DATA SHOWN: Begin

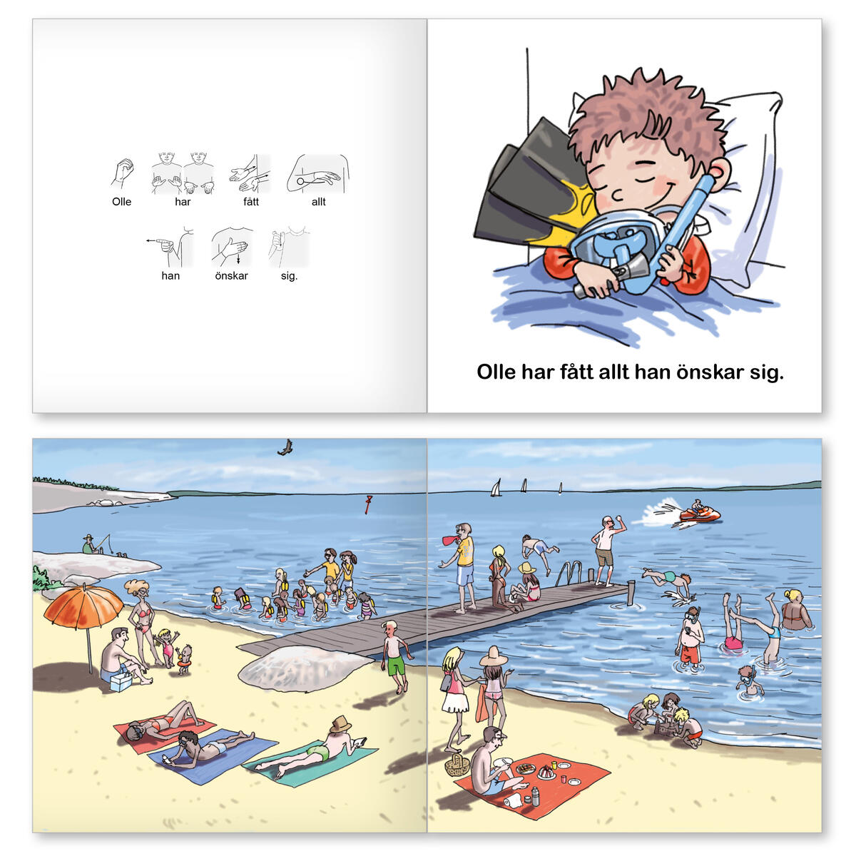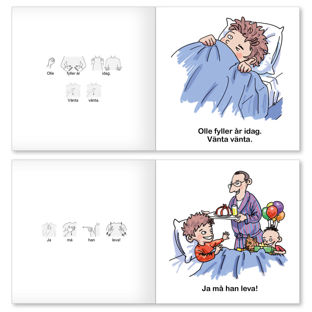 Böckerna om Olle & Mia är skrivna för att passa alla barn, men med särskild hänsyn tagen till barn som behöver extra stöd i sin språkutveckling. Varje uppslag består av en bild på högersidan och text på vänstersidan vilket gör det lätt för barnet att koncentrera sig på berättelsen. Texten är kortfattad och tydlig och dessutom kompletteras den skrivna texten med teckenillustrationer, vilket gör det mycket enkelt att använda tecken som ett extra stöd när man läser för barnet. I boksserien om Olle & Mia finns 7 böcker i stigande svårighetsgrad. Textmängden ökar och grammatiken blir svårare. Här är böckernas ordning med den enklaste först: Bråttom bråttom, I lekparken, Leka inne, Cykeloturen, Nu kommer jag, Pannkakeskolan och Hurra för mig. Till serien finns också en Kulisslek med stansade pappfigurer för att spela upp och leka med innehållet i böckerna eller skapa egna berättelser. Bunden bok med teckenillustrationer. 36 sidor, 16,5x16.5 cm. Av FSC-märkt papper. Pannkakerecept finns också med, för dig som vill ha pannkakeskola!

DATA SHOWN: End
DATA SHOWN: Begin

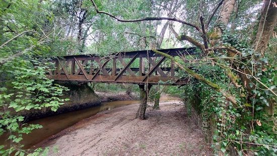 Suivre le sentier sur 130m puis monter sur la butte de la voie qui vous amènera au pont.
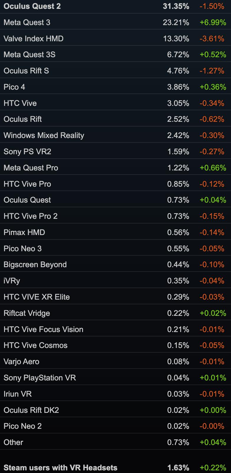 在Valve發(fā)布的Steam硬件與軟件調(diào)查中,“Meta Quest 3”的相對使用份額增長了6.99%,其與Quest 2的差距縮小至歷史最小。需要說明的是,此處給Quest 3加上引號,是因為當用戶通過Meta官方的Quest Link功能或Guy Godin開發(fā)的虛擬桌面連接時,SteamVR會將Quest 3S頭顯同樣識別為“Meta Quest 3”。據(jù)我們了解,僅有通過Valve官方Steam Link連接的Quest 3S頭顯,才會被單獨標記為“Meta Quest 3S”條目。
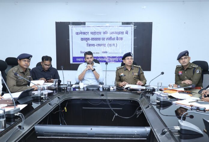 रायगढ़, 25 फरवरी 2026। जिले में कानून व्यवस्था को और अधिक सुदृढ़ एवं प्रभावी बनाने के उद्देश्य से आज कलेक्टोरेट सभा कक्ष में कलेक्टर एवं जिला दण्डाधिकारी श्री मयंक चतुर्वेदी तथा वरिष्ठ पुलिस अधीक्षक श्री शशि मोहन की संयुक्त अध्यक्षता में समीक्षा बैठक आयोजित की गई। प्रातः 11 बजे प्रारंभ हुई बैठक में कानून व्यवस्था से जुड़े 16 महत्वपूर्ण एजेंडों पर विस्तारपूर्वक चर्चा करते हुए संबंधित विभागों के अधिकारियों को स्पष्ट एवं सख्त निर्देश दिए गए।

DATA SHOWN: End

Each line above that falls between the line with "Suivre le sentier" and the line with "रायगढ़, 25 फरवरी" should be printed exactly, together with those two lines, but the pictures should not.

OUTPUT FOR THIS EXERCISE:
 Suivre le sentier sur 130m puis monter sur la butte de la voie qui vous amènera au pont.
 在Valve發(fā)布的Steam硬件與軟件調(diào)查中,“Meta Quest 3”的相對使用份額增長了6.99%,其與Quest 2的差距縮小至歷史最小。需要說明的是,此處給Quest 3加上引號,是因為當用戶通過Meta官方的Quest Link功能或Guy Godin開發(fā)的虛擬桌面連接時,SteamVR會將Quest 3S頭顯同樣識別為“Meta Quest 3”。據(jù)我們了解,僅有通過Valve官方Steam Link連接的Quest 3S頭顯,才會被單獨標記為“Meta Quest 3S”條目。
 रायगढ़, 25 फरवरी 2026। जिले में कानून व्यवस्था को और अधिक सुदृढ़ एवं प्रभावी बनाने के उद्देश्य से आज कलेक्टोरेट सभा कक्ष में कलेक्टर एवं जिला दण्डाधिकारी श्री मयंक चतुर्वेदी तथा वरिष्ठ पुलिस अधीक्षक श्री शशि मोहन की संयुक्त अध्यक्षता में समीक्षा बैठक आयोजित की गई। प्रातः 11 बजे प्रारंभ हुई बैठक में कानून व्यवस्था से जुड़े 16 महत्वपूर्ण एजेंडों पर विस्तारपूर्वक चर्चा करते हुए संबंधित विभागों के अधिकारियों को स्पष्ट एवं सख्त निर्देश दिए गए।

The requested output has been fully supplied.